◆ DIRECTIONS
Leave every picture out. Set down all the lines below exactly.

◆ DATA SECTION
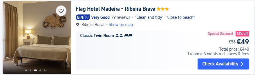 3* viesnīca Flag Hotel Madeira – Ribeira Brava. Divvietīgs numurs uz 8 naktīm – 440 EUR.
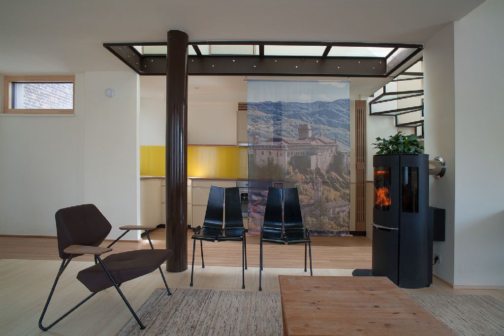 Quant aux cendres du poêle à bois (disposant de sa propre arrivée d’air frais) elles serviront d’engrais pour les bacs à plantes. Un exemple de plus de la réflexion permanente et de l’efficacité de l’architecte…
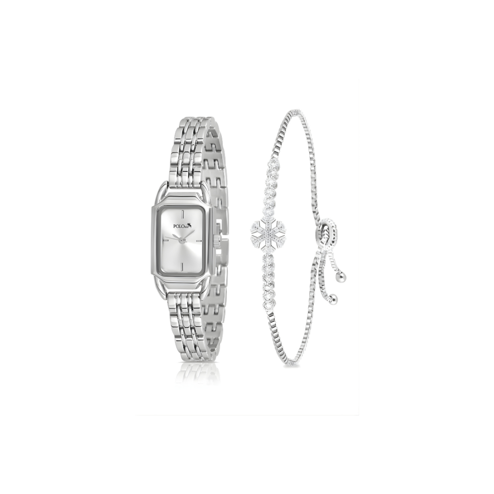 Ulepšajte svaki trenutak ovim prefinjenim setom koji kombinuje eleganciju, stil i funkcionalnost. Set sadrži moderan ručni sat i usklađenu narukvicu, dizajnirane tako da se savršeno dopunjuju i daju dašak luksuza svakoj odevnoj kombinaciji. Ručni sat odlikuje se čistim linijama, kvalitetnom izradom i sofisticiranim detaljima na brojčaniku, dok narukvica svojim sjajem i nežnim dizajnom dodaje dodatnu notu glamura. Zajedno čine savršen spoj za poklon, posebnu priliku ili svakodnevno nošenje.

◆ TASK OUTPUT
 3* viesnīca Flag Hotel Madeira – Ribeira Brava. Divvietīgs numurs uz 8 naktīm – 440 EUR.
 Quant aux cendres du poêle à bois (disposant de sa propre arrivée d’air frais) elles serviront d’engrais pour les bacs à plantes. Un exemple de plus de la réflexion permanente et de l’efficacité de l’architecte…
 Ulepšajte svaki trenutak ovim prefinjenim setom koji kombinuje eleganciju, stil i funkcionalnost. Set sadrži moderan ručni sat i usklađenu narukvicu, dizajnirane tako da se savršeno dopunjuju i daju dašak luksuza svakoj odevnoj kombinaciji. Ručni sat odlikuje se čistim linijama, kvalitetnom izradom i sofisticiranim detaljima na brojčaniku, dok narukvica svojim sjajem i nežnim dizajnom dodaje dodatnu notu glamura. Zajedno čine savršen spoj za poklon, posebnu priliku ili svakodnevno nošenje.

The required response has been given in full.